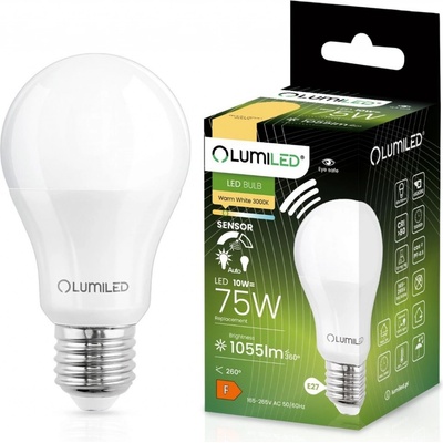 LED žárovka LED E27 A60 10W = 75W 1055lm 3000K Teplá 200° s pohybovým čidlem LUMILEDMIKROVLNNÝ SENZOR POHYBU A SOUMRAK:Hlavní předností prezentované LED žárovky je vestavěný mikrovlnný senzor pohybu a soumraku. Použití snímače pohybu a soumraku v žárovce ji činí ještě...
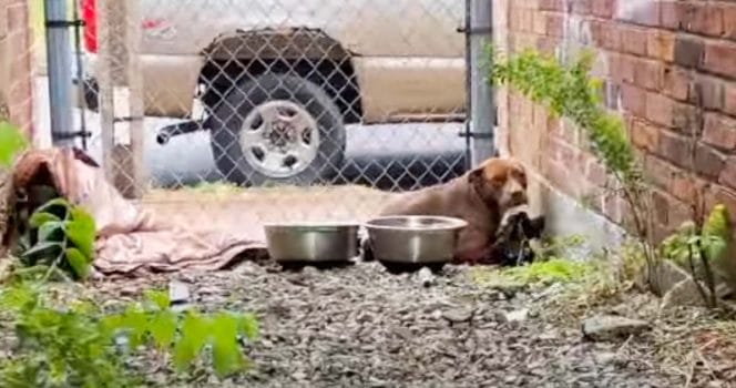 Då får hon ögonkontakt med en kvinna – som tar ett avgörande beslut för vovvens skull.
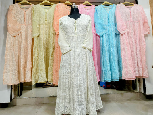 Lucknowi Chikankari Heavy Side Dori Angrakha Gown
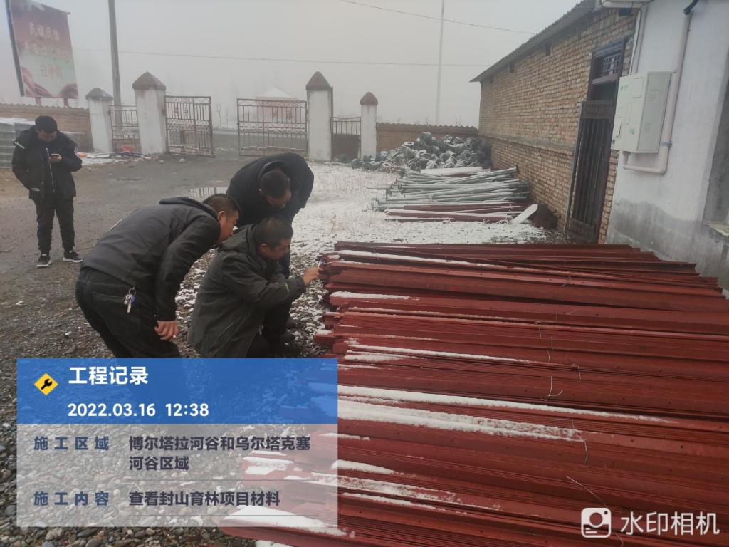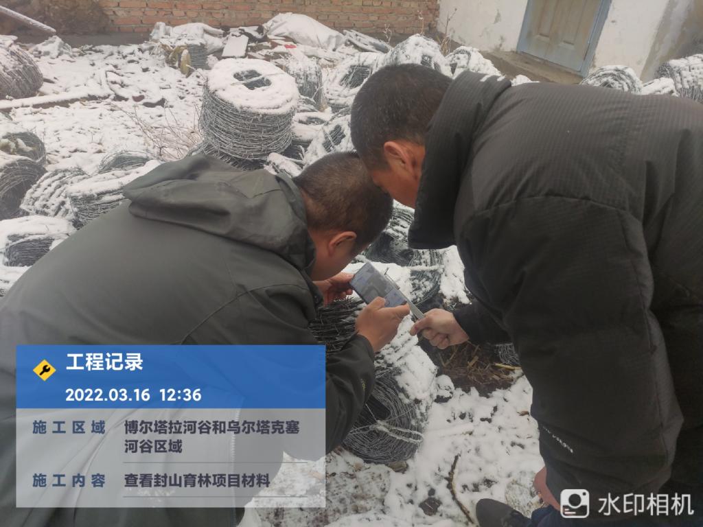 为了切实落实我县封山育林项目开展进度,3月16日温泉县自然资源局(林业和草原局)林业工作站干事马晓平、盛磊同首盛建设集团有限公司潘志生监理(第三方监理)、博乐市助民兴建筑劳务有限公司付杰华(施工方)共同查看了项目材料质量情况,并按照项目实施方案要求对建设项目材料进行检测,经检测使用材料都符合项目标准。
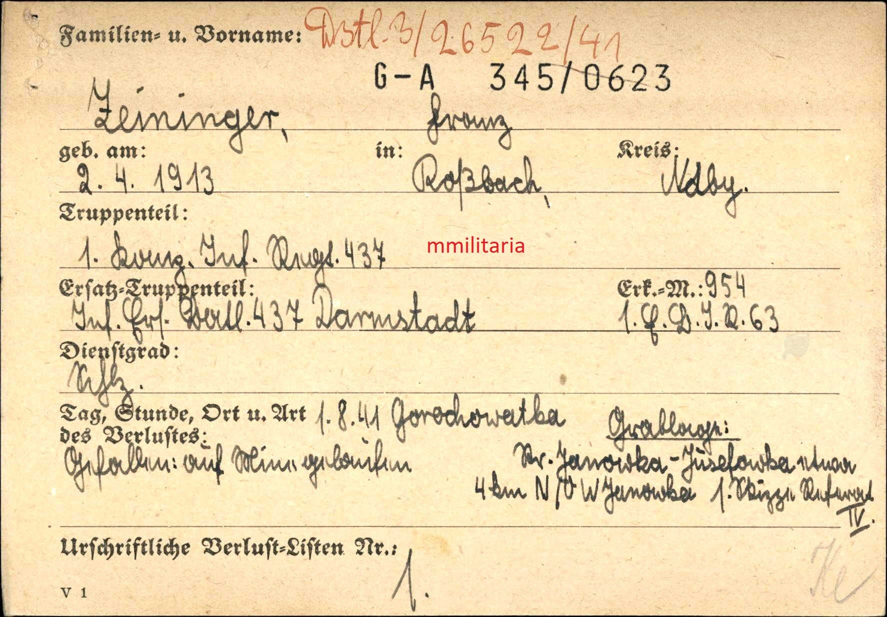 Gefallen am 01.08.1941 in Corochowatka (Ukraine)
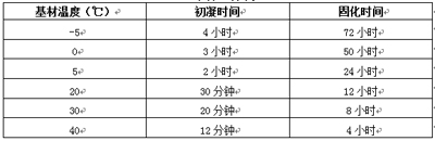 固化時(shí)間表
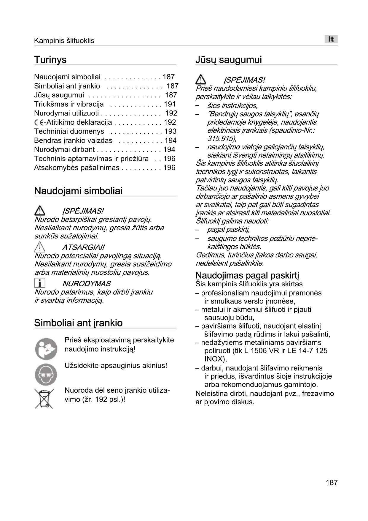 - Atsakomybės pašalinimas Naudojami simboliai ĮSPĖJIMAS! Nurodo betarpiškai gresiantį pavojų. Nesilaikant nurodymų, gresia žūtis arba sunkūs sužalojimai. ATSARGIAI! Nurodo potencialiai pavojingą situaciją. Nesilaikant nurodymų, gresia susižeidimo arba materialinių nuostolių pavojus. NURODYMAS Nurodo patarimus, kaip dirbti įrankiu ir svarbią informaciją. Simboliai ant įrankio Prieš eksploatavimą perskaitykite naudojimo instrukciją! Užsidėkite apsauginius akinius! Nuoroda dėl seno įrankio utiliza- vimo (žr. 192 psl.)! Jūsų saugumui ĮSPĖJIMAS! Prieš naudodamiesi kampiniu šlifuokliu, perskaitykite ir vėliau laikykitės: p. 196

# # # # #

PROMPT
Copy the entire listing exactly but skip the pictures.

OUTPUT BELOW
 LED žárovka LED E27 A60 10W = 75W 1055lm 3000K Teplá 200° s pohybovým čidlem LUMILEDMIKROVLNNÝ SENZOR POHYBU A SOUMRAK:Hlavní předností prezentované LED žárovky je vestavěný mikrovlnný senzor pohybu a soumraku. Použití snímače pohybu a soumraku v žárovce ji činí ještě...
 Då får hon ögonkontakt med en kvinna – som tar ett avgörande beslut för vovvens skull.
 Lucknowi Chikankari Heavy Side Dori Angrakha Gown
 为了切实落实我县封山育林项目开展进度,3月16日温泉县自然资源局(林业和草原局)林业工作站干事马晓平、盛磊同首盛建设集团有限公司潘志生监理(第三方监理)、博乐市助民兴建筑劳务有限公司付杰华(施工方)共同查看了项目材料质量情况,并按照项目实施方案要求对建设项目材料进行检测,经检测使用材料都符合项目标准。
 Gefallen am 01.08.1941 in Corochowatka (Ukraine)
 固化時(shí)間表
 - Atsakomybės pašalinimas Naudojami simboliai ĮSPĖJIMAS! Nurodo betarpiškai gresiantį pavojų. Nesilaikant nurodymų, gresia žūtis arba sunkūs sužalojimai. ATSARGIAI! Nurodo potencialiai pavojingą situaciją. Nesilaikant nurodymų, gresia susižeidimo arba materialinių nuostolių pavojus. NURODYMAS Nurodo patarimus, kaip dirbti įrankiu ir svarbią informaciją. Simboliai ant įrankio Prieš eksploatavimą perskaitykite naudojimo instrukciją! Užsidėkite apsauginius akinius! Nuoroda dėl seno įrankio utiliza- vimo (žr. 192 psl.)! Jūsų saugumui ĮSPĖJIMAS! Prieš naudodamiesi kampiniu šlifuokliu, perskaitykite ir vėliau laikykitės: p. 196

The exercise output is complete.